Here are some suggested organisations that offer expert advice on adoption.

First post! Clarification?

16 replies

Sailordan88 · 03/01/2019 04:06

Ok so this is the first time I've ever posted so go easy on me.

Can tell by my name I'm a man, I'm not sure we have a "dadsnet" ha. I originally joined to get more information and read about women's experiences with pregnancy and conception problems regarding pcos as my wife has the condition. yeah i could look at what it entailed online but I figured peoples experiences would give me a more personal insight and help me understand her more and have a better grasp of what our journey may entail.

Initially I wanted to adopt regardless of concieving naturally, in fact I was more inclined to adopt than to have our own based on what I'd read and our very early attempts to concieve. The first year of getting excited every month a cycle was late to amount to nothing watching her personally wrestle and blame herself for not concieving and it tore me apart. The dr's have been little help. We made contact with first4adoption more on my insistence and her wanting to make me happy and the SW came for a visit and it all looked promising but my wife was not 100% there at the time and we decided to continue to try for our own. After 4 years last year we found out we were pregnant. Sadly we miscarried on week 12 a few days before our first scan.

It was a rough year, it's been over 7 months now since we lost our child and my wife has recently said she now believes she is ready to start the process we are looking to begin later on this year so a year has passed since we lost ours and we are definitely sure we are ready to take this step.

I've actually rambled on and spoke more about my situation than I intended. I suppose I came for down advise on the process local council Vs agencies, what to expect and what are the acronyms that's are used in the various posts 😅

I'm guessing

LA is local authority?
Sil is sister in law
SW is social worker

Seen DH thrown about and a few others I can't remember off the top of my head

OP posts:
Moomooboo · 03/01/2019 08:57

If you google mumsnet abbreviations there is a long list of things - I find it quite hilarious. I’ve even started using DH (dear husband) in real life. I like the fact that everybody is dear to me!

Local authority vs voluntary agency is an interesting one - Local authorities are responsible for the children aswell as taking people through the approval process, whereas voluntary agencies do the approval process and matching with the local authorities aswell. Voluntary agencies occasionally have better post adoption support, but local authorities often have the “easy to place” children, like young babies etc. If you see yourself wanting a small baby, a local authority is your best bet. It can be harder to get a local authority to take you on as they are more selective I have been told.

Good luck!

Italiangreyhound · 03/01/2019 10:32

Hi Sailordan88 (you may be refered to here as OP original poster, although I believe OP can also mean openng post!).

It has been a rough few years for you. I hope you are both looking after each other.

We had a similar situation in that dh was ready to adopt before me. But both prospective parents need to get to the same spot before you can go ahead. Social workers will notice if you are not both ready.

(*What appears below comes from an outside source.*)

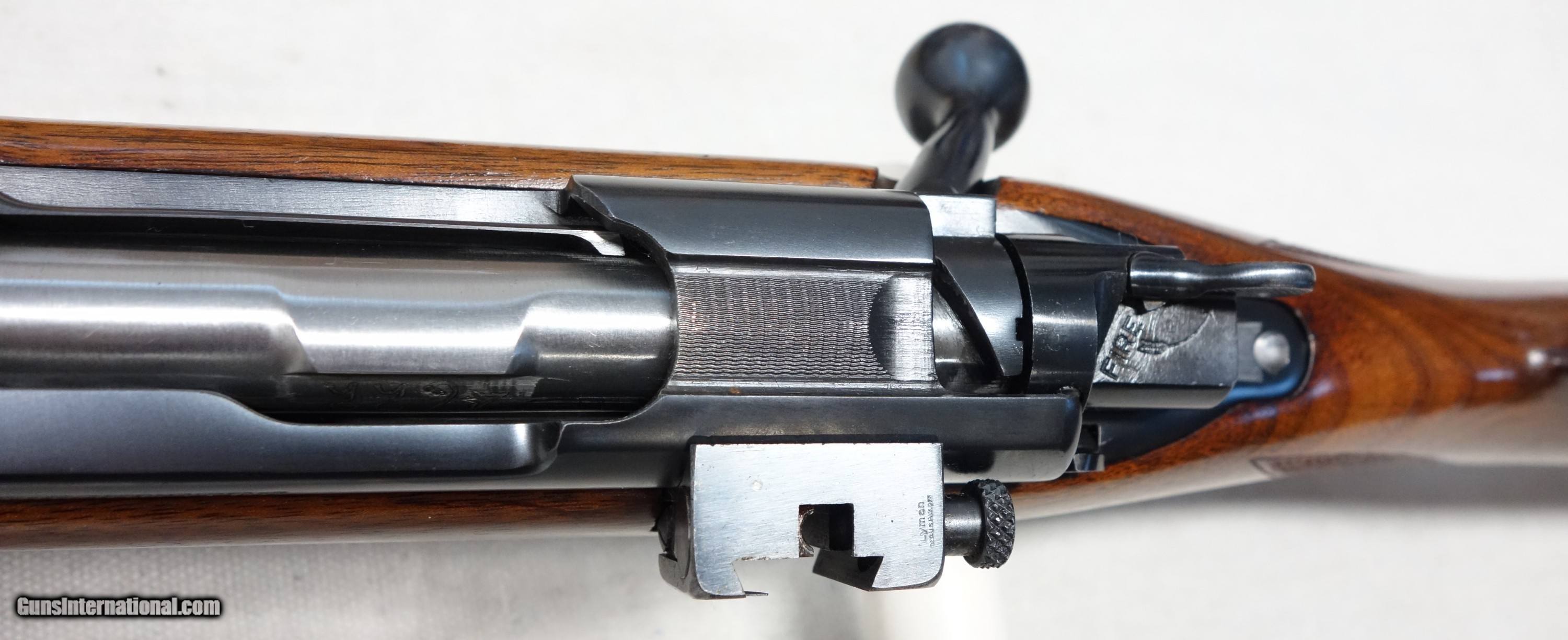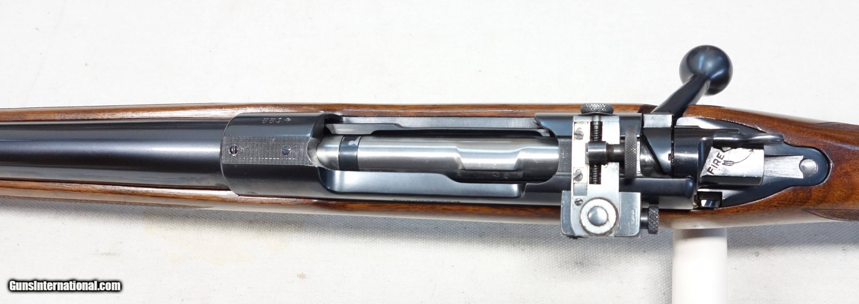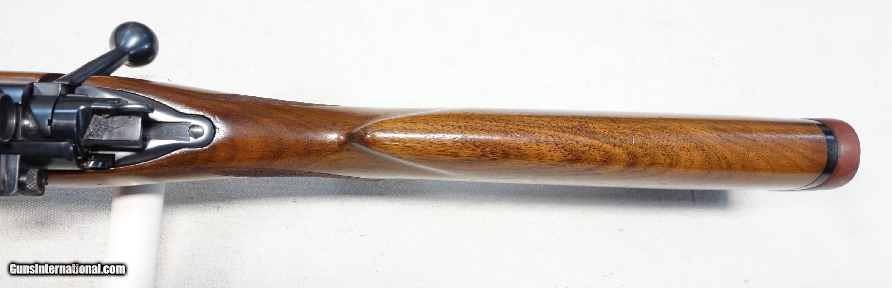 Description: ***SOLD*** Among the best of the best! Here's a highly coveted, outstanding and rare early production Model 70 chambered in the powerhouse 375 Magnum (375 H&H). 4 digit S/N 4622 with matching scribed bolt made in 1937! It wears the rare 24" medium heavy straight taper barrel which was only available during this first year of public offering, soon to be replaced by the 25" C-1 profile barrel in 1938. This rifle was made during the supreme era of Model 70 production, representing the very finest components and precision craftsmanship throughout. All Pre 64 Model 70s are a marvel to behold, but these early Pre War guns take it to another level: Beautiful honey colored and tight grained woods, silky rust blued barrels and polished carbonum blued receivers are some of the typical features, along with butter smooth and ultra crisp mechanics. This rifle has all of that and more. Superb condition for its 87 years showing 98% original Blue and Varnish with only scattered light handling marks. Barrel channel is like new. Bore and mechanics are flawless. Factory issued recoil pad as on all 375s which remains supple. There is the usual factory inletted and installed Lyman 48 long slide receiver sight which has all correct and matching component numbers, original aperture disc, and works perfectly. There are also standard factory drilled holes in the front receiver ring and in the barrel for scope blocks of the day. The matted rear receiver bridge remains UNDRILLED as it should be. After 112 years, the 375 H&H Magnum continues to reign above all other magnums in popularity and practicality for those who deal with dangerous game, and is the parent case for most that followed. It is what I have used very effectively for nearly 40 years of guiding Grizzly hunters here in Alaska, and continues to be the favorite of a majority of African game cullers. This is an exceedingly scarce, unaltered and high condition rifle which would be very difficult to upgrade. Please add $100 for expedited and fully insured shipping from Alaska. SOLD Curio/Relic: Yes |

In selecting your agency or local authority I would check out what post adoption support is available (this is really key).

We have a birth (or biological some say) daughter (mumsmet uses dd for dear daughter of I could say bc for birth child) and we adopted our son (ds, dear son, or ac, adopted child) when he was 3 and dd was 9.

Our son has been with us (sometimes refereed to in adoption circles as being 'home' - although I am not keen on that terminology personally) for almost 5 years.

Also, just to say (not complaining or anything), when you adopt the child they become your own. So I never refer to my birth daughter as my own or my adopted son as not my own. They are both my children, with my husband.

Of course our son has another (birth) mum and dad and also had a (foster) mum and dad too but it doesn't stop him being out own, IYSWIM (of you see what I mean).

Sorry for the crashes course in acronyms!

Please feel free to ask anything you like.

Flowers
Sailordan88 · 03/01/2019 16:58

Thank you guys

And no need to apologise I appreciate the acronym crash course haha some are obvious and some are right head scratchers haha.

OP posts:
PicaK · 03/01/2019 19:28

Welcome. My dh and I often find we are 6 months apart in our thinking. The fact you are patient and not pushy is a good sign.
Go for council. They will place kids with the people they have trained first before they look to agencies. Goodluck with it all - in some ways it's as much of an emotional rollercoaster as infertility.

topcat2014 · 03/01/2019 21:06

Hi OP - like you, I am the DH, and, if I am honest, I was probably more pro adoption a year ago than my wife was.

We are now fully on the same page, and were recently "approved", so expect to find a "match" in the next few months.

Like @italiangreyhound, I have a (birth) child too.

The thing with adoption is that it is a long process. Two pieces of advice we got given over a year ago:

  1. Do not put your life on hold - ie still book summer holidays etc.
  2. Do not look too far ahead.

To which I would also add:
3) Do not set unrealistic timeframes - eg saying "we will have a new family member by next Christmas"

That could well happen, or not, but in the context of a whole life does it matter?

I am also on a couple of facebook groups - but they are more 'public', although they are closed groups. I post more here, as the facebook groups can be relentlessly upbeat.

I have found this board really supportive.

topcat2014 · 03/01/2019 21:06

Oh, we went with our local authority - didn't even think about other options.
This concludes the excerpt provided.